= Viral replication =

Formation of biological viruses during the infection process

Viral replication is the formation of biological viruses during the infection process in the target host cells. Viruses must first get into the cell before viral replication can occur. Through the generation of abundant copies of its genome and packaging these copies, the virus continues infecting new hosts. Replication between viruses is greatly varied and depends on the type of genes involved in them. Most DNA viruses assemble in the nucleus while most RNA viruses develop solely in cytoplasm.

==Viral production / replication==
Viruses multiply only in living cells. The host cell must provide the energy and synthetic machinery and the low-molecular-weight precursors for the synthesis of viral proteins and nucleic acids.

Virus replication occurs in seven stages:

1. Attachment
2. Entry (penetration)
3. Uncoating
4. Replication
5. Assembly
6. Maturation
7. Release (liberation stage).

===Attachment===
It is the first step of viral replication. Some viruses attach to the cell membrane of the host cell and inject its DNA or RNA into the host to initiate infection. Attachment to a host cell is often achieved by a virus attachment protein that extends from the protein shell (capsid), of a virus. This protein is responsible for binding to a surface receptor on the plasma membrane (or membrane carbohydrates) of a host cell. Viruses can exploit normal cell receptor functions to allow attachment to occur by mimicking molecules that bind to host cell receptors.
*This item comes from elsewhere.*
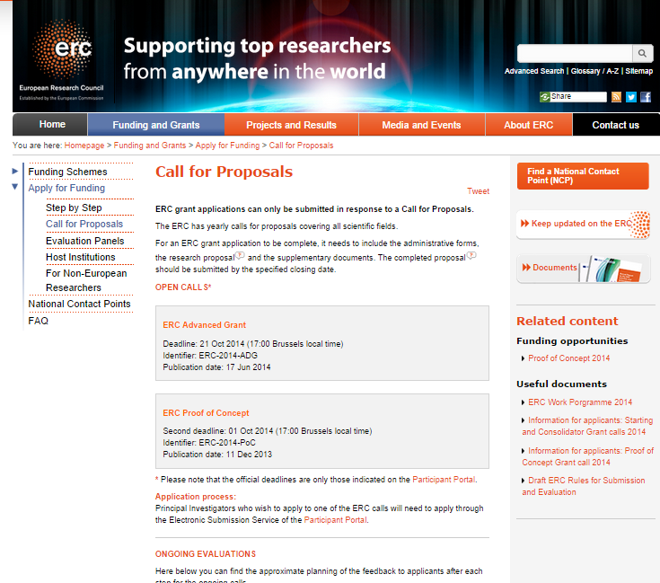 ERC Proof of ConceptSecond deadline: 01 Oct 2014 (17:00 Brussels local time)
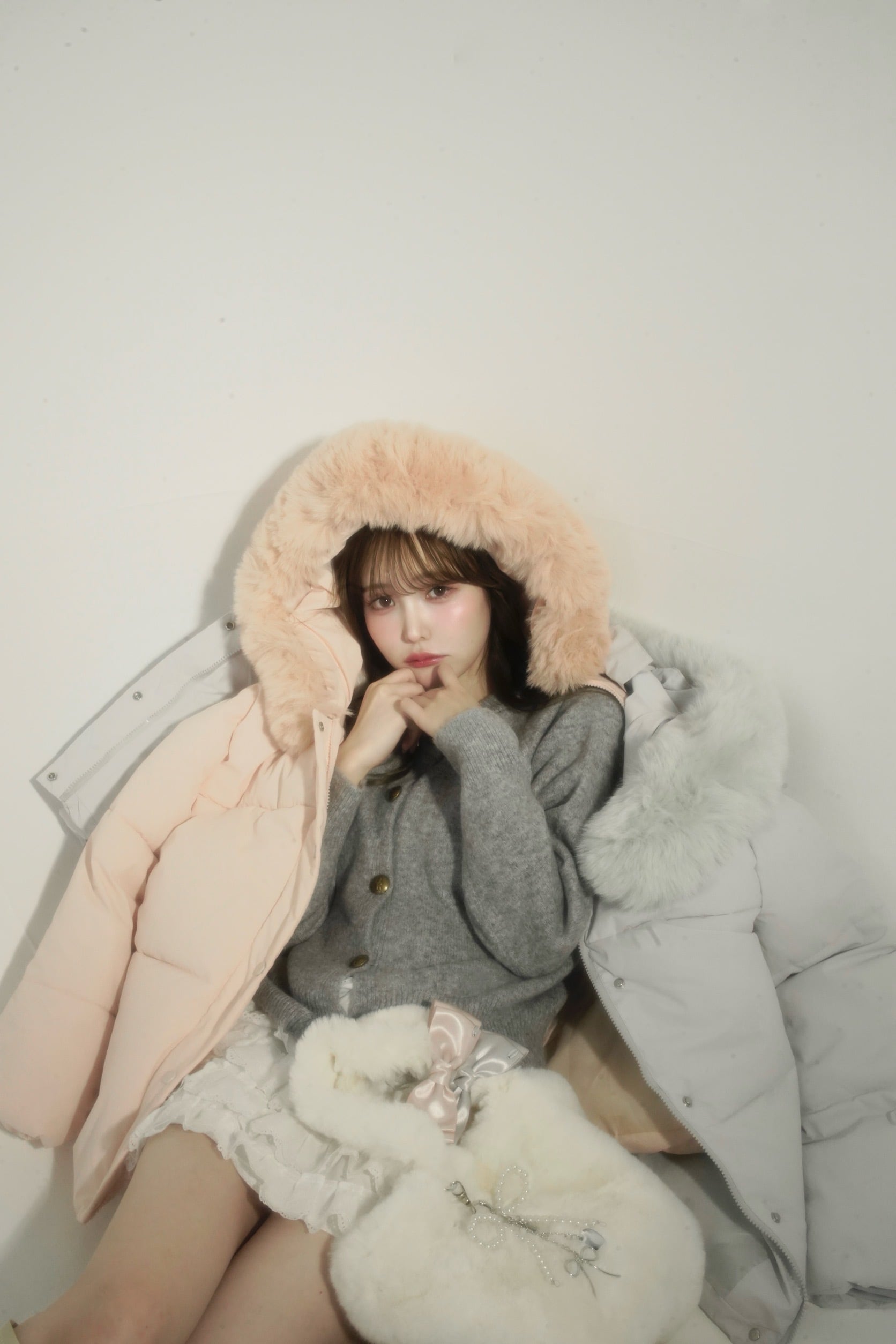 ・fairy fur down coat (pink / ice blue)

For example, the rhinovirus uses their virus attachment protein to bind to the receptor ICAM-1on host cells that is normally used to facilitate adhesion between other host cells.

===Entry===
Entry, or penetration, is the second step in viral replication. This step is characterized by the virus passing through the plasma membrane of the host cell. The most common way a virus gains entry to the host cell is by receptor-mediated endocytosis, which comes at no energy cost to the virus, only the host cell. Receptor-mediated endocytosis occurs when a molecule (in this case a virus) binds to receptor on the membrane of the cell. A series of chemical signals from this binding causes the cell to wrap the attached virus in the plasma membrane around it forming a virus-containing vesicle inside the cell.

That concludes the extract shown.